> **TASK BRIEF**
Take the listing below and print exactly the lines starting at the line containing "- Коврики идеально" and ending at the line containing "Triple Raven, Ink on Paper, 14×22", both ends included, and no others.

> **RECORDS FOR THIS EXERCISE**
□ □ □ □
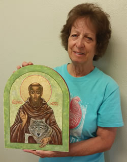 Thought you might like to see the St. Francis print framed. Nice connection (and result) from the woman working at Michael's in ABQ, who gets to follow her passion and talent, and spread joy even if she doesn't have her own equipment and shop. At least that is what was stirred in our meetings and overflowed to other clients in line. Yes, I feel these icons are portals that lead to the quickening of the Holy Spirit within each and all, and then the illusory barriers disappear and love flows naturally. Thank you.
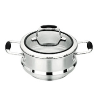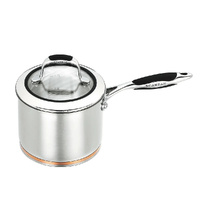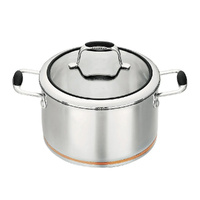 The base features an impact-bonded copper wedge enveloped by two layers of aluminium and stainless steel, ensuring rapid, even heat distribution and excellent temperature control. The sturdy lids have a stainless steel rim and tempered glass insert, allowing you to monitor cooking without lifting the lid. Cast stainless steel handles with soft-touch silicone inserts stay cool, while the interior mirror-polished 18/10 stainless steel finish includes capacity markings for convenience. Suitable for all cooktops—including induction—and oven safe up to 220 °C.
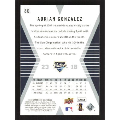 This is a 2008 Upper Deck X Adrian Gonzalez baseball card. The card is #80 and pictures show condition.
□ □ □ □
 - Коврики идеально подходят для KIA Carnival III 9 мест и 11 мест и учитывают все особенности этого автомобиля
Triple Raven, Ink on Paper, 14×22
□ □ □ □
> **RESULT OF THIS TASK**
 - Коврики идеально подходят для KIA Carnival III 9 мест и 11 мест и учитывают все особенности этого автомобиля
Triple Raven, Ink on Paper, 14×22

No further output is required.